**Dataset extract:**

────────────────

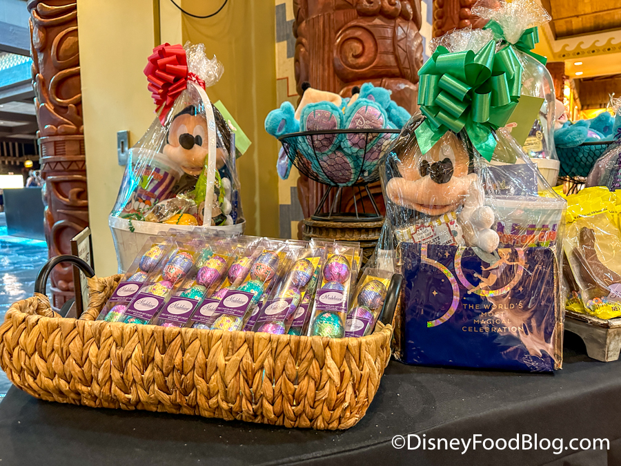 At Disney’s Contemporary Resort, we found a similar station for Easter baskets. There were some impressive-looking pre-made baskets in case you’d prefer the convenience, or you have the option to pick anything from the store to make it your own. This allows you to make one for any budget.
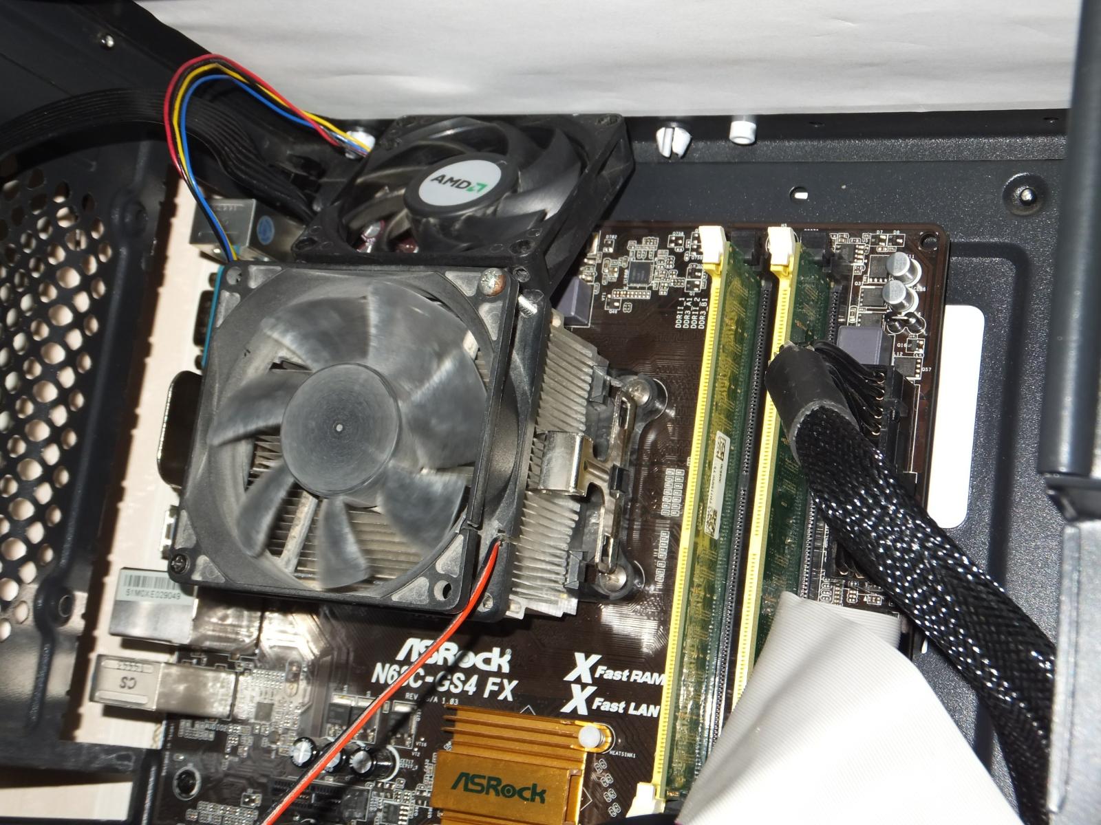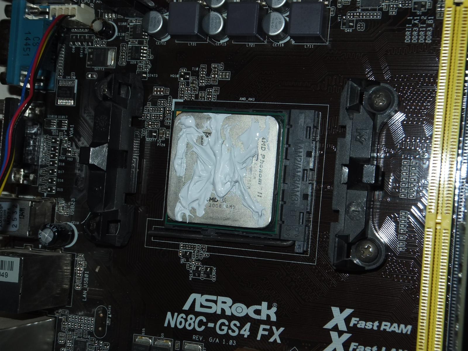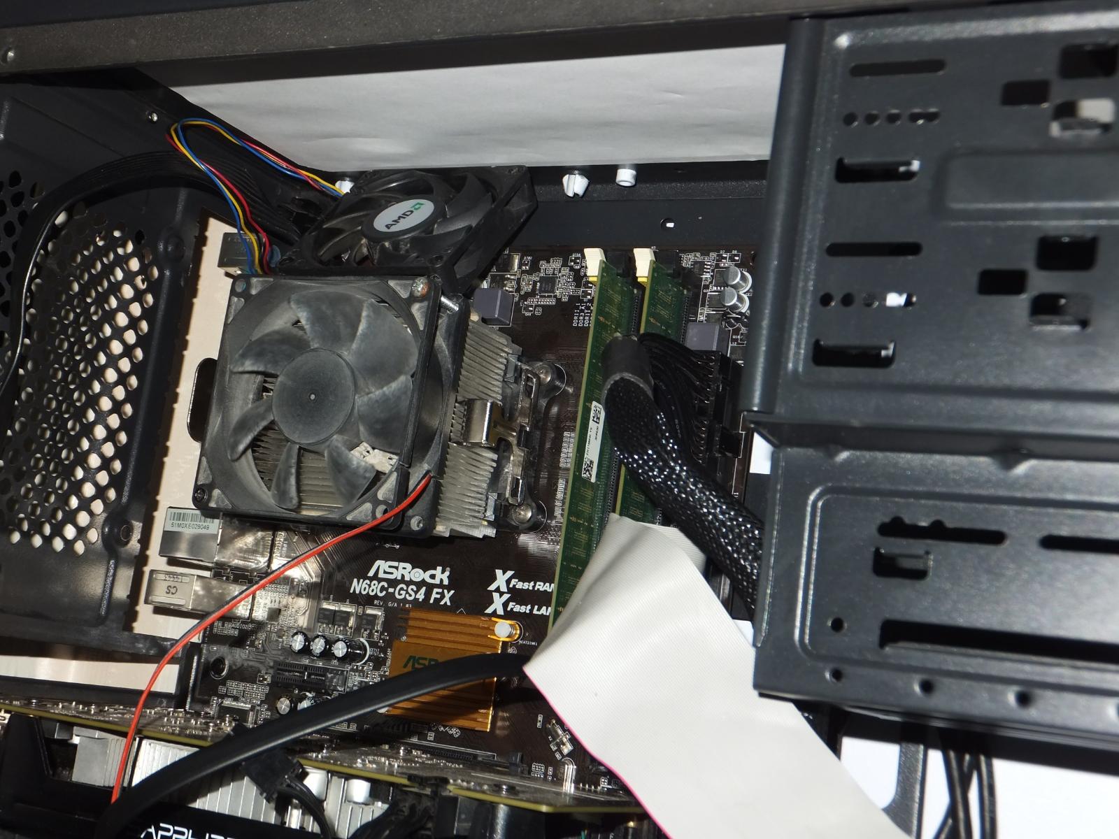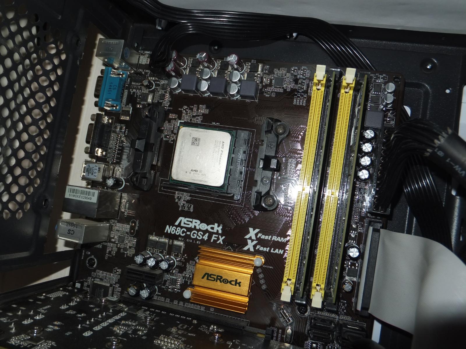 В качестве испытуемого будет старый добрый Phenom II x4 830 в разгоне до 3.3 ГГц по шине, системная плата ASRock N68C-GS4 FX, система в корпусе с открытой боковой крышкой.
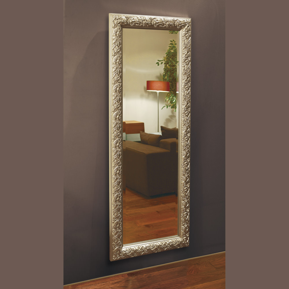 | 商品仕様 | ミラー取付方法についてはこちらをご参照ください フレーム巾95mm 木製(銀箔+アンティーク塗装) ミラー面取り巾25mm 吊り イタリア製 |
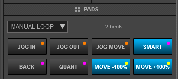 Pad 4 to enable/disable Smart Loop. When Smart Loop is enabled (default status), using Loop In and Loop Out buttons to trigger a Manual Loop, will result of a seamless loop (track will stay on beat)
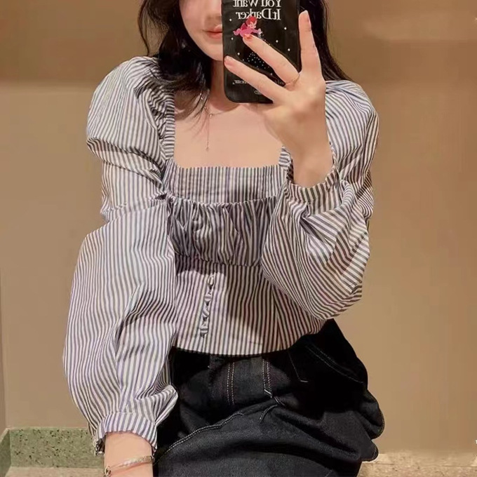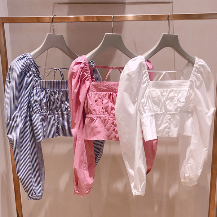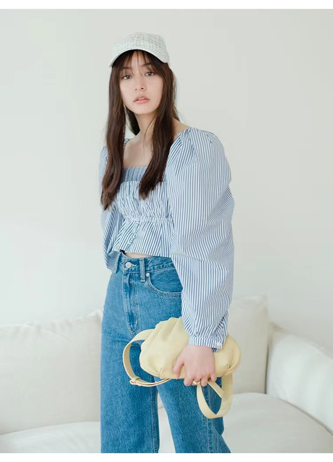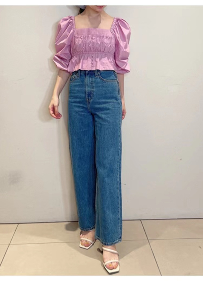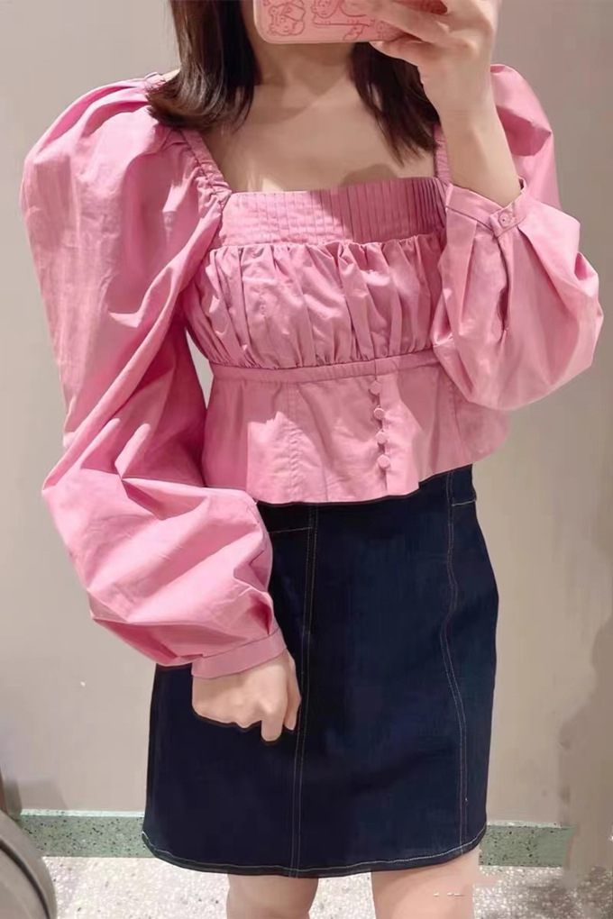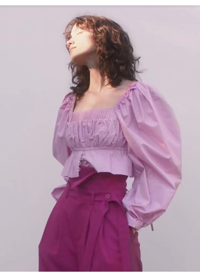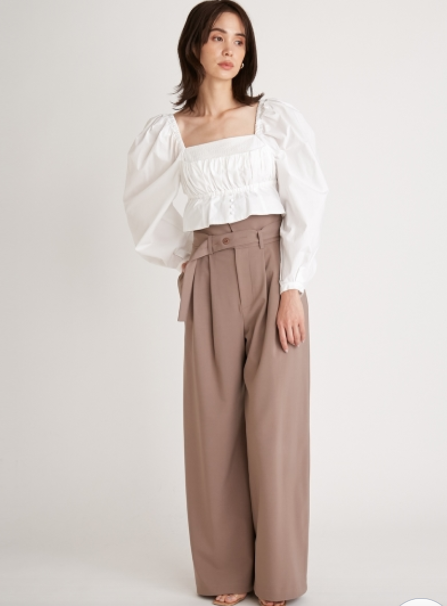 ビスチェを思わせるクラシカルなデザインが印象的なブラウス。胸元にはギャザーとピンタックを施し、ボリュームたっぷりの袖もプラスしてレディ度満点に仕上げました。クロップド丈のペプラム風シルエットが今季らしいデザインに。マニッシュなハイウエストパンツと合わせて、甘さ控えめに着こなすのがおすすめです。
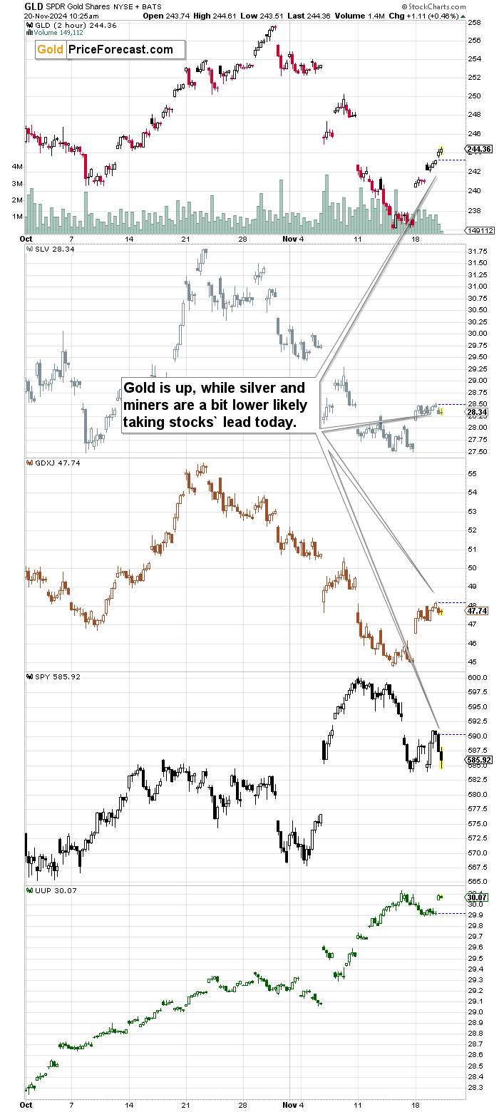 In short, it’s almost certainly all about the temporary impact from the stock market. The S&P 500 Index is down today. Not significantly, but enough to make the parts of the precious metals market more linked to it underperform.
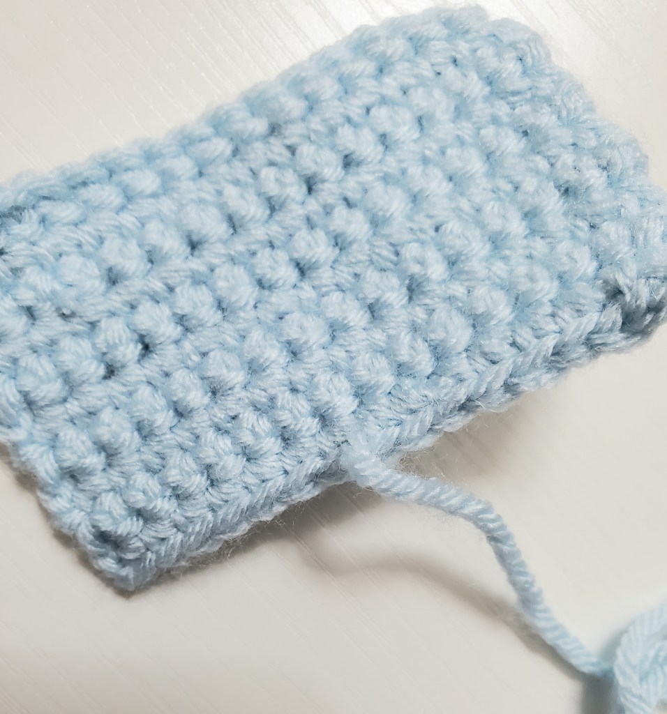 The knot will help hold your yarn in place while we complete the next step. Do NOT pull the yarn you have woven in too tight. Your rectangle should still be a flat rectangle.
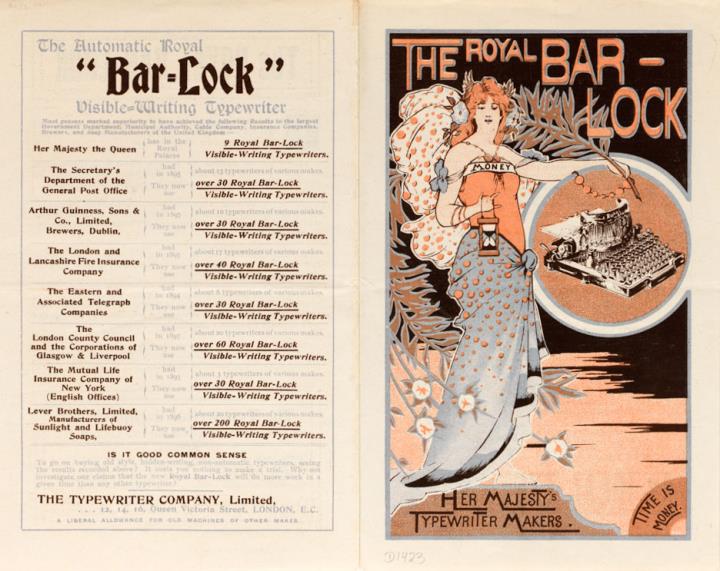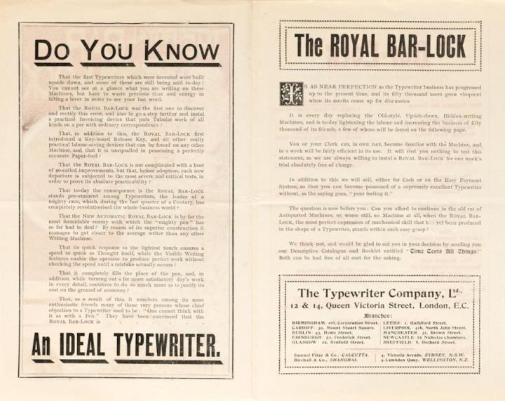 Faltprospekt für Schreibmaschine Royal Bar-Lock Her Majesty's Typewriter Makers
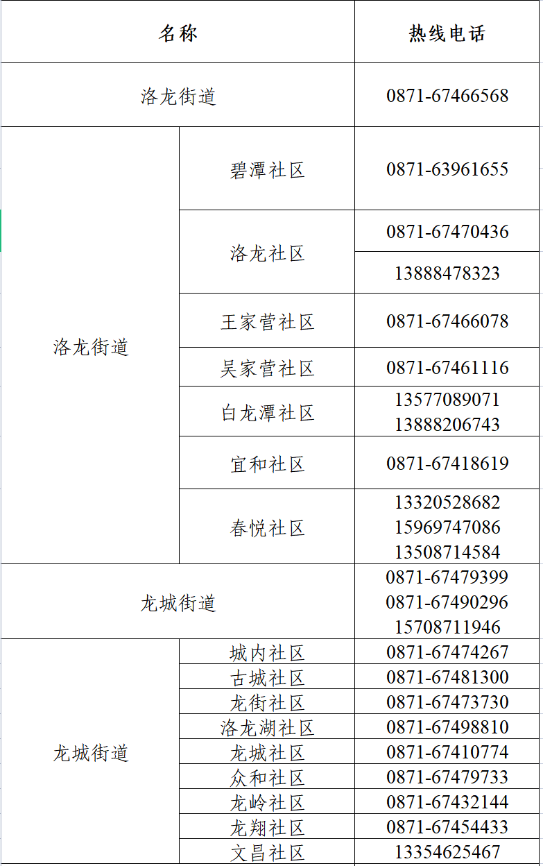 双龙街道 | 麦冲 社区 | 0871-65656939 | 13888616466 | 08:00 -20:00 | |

────────────────

**Exercise brief:** Write out the listing above in full, word for word, with no pictures.

**Answer space:**
 At Disney’s Contemporary Resort, we found a similar station for Easter baskets. There were some impressive-looking pre-made baskets in case you’d prefer the convenience, or you have the option to pick anything from the store to make it your own. This allows you to make one for any budget.
 В качестве испытуемого будет старый добрый Phenom II x4 830 в разгоне до 3.3 ГГц по шине, системная плата ASRock N68C-GS4 FX, система в корпусе с открытой боковой крышкой.
 | 商品仕様 | ミラー取付方法についてはこちらをご参照ください フレーム巾95mm 木製(銀箔+アンティーク塗装) ミラー面取り巾25mm 吊り イタリア製 |
 Pad 4 to enable/disable Smart Loop. When Smart Loop is enabled (default status), using Loop In and Loop Out buttons to trigger a Manual Loop, will result of a seamless loop (track will stay on beat)
 ビスチェを思わせるクラシカルなデザインが印象的なブラウス。胸元にはギャザーとピンタックを施し、ボリュームたっぷりの袖もプラスしてレディ度満点に仕上げました。クロップド丈のペプラム風シルエットが今季らしいデザインに。マニッシュなハイウエストパンツと合わせて、甘さ控えめに着こなすのがおすすめです。
 In short, it’s almost certainly all about the temporary impact from the stock market. The S&P 500 Index is down today. Not significantly, but enough to make the parts of the precious metals market more linked to it underperform.
 The knot will help hold your yarn in place while we complete the next step. Do NOT pull the yarn you have woven in too tight. Your rectangle should still be a flat rectangle.
 Faltprospekt für Schreibmaschine Royal Bar-Lock Her Majesty's Typewriter Makers
 双龙街道 | 麦冲 社区 | 0871-65656939 | 13888616466 | 08:00 -20:00 | |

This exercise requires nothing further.